• WHAT IS REQUIRED
In the material below, find the line with "另外兩大遊戲實況主丁特與國動" and the line with "The Veterans Memorial". Output exactly those two lines and all lines between them, leaving out pictures.

• INPUT
[Start of Attachment]

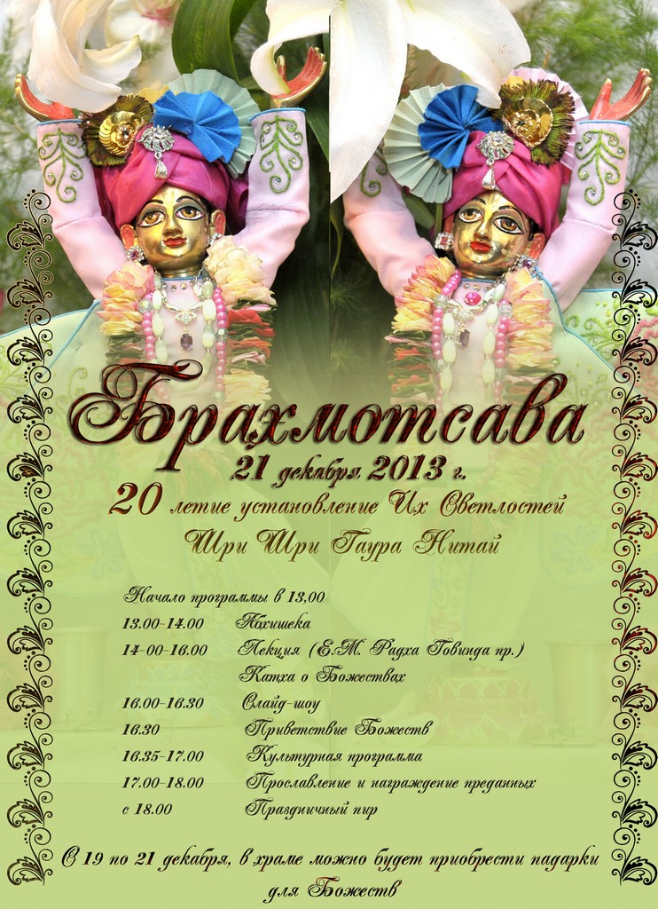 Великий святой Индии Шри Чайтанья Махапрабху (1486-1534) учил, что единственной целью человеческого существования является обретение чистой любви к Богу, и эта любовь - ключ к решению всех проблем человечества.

[End of Attachment]
[Start of Attachment]

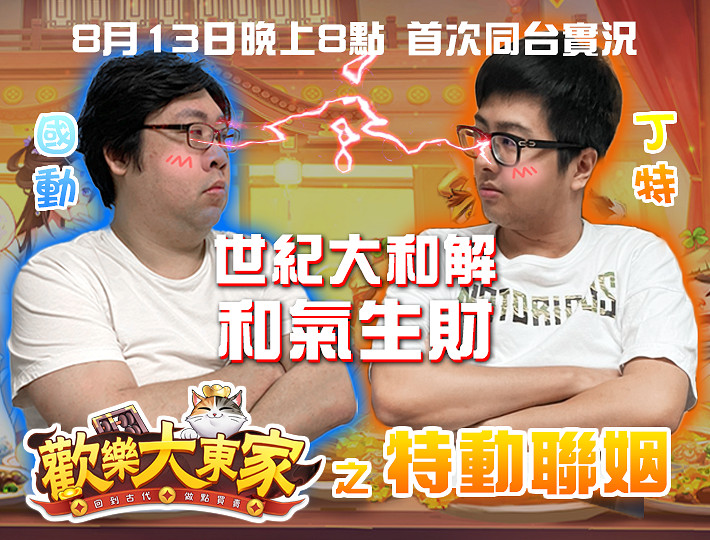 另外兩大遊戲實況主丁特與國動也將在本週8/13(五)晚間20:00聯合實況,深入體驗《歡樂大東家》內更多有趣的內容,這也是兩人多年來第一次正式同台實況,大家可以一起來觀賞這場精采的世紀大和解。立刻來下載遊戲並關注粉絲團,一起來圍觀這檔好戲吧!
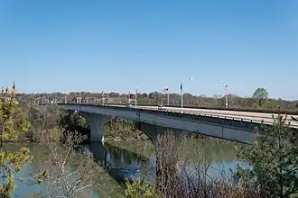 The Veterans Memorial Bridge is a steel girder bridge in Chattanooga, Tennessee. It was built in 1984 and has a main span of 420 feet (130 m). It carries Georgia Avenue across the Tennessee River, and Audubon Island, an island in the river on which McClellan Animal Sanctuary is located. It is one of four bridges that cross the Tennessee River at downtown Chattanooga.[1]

[End of Attachment]
[Start of Attachment]

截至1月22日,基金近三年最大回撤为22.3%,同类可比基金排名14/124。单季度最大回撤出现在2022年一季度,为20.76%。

[End of Attachment]

• EXERCISE OUTPUT
 另外兩大遊戲實況主丁特與國動也將在本週8/13(五)晚間20:00聯合實況,深入體驗《歡樂大東家》內更多有趣的內容,這也是兩人多年來第一次正式同台實況,大家可以一起來觀賞這場精采的世紀大和解。立刻來下載遊戲並關注粉絲團,一起來圍觀這檔好戲吧!
 The Veterans Memorial Bridge is a steel girder bridge in Chattanooga, Tennessee. It was built in 1984 and has a main span of 420 feet (130 m). It carries Georgia Avenue across the Tennessee River, and Audubon Island, an island in the river on which McClellan Animal Sanctuary is located. It is one of four bridges that cross the Tennessee River at downtown Chattanooga.[1]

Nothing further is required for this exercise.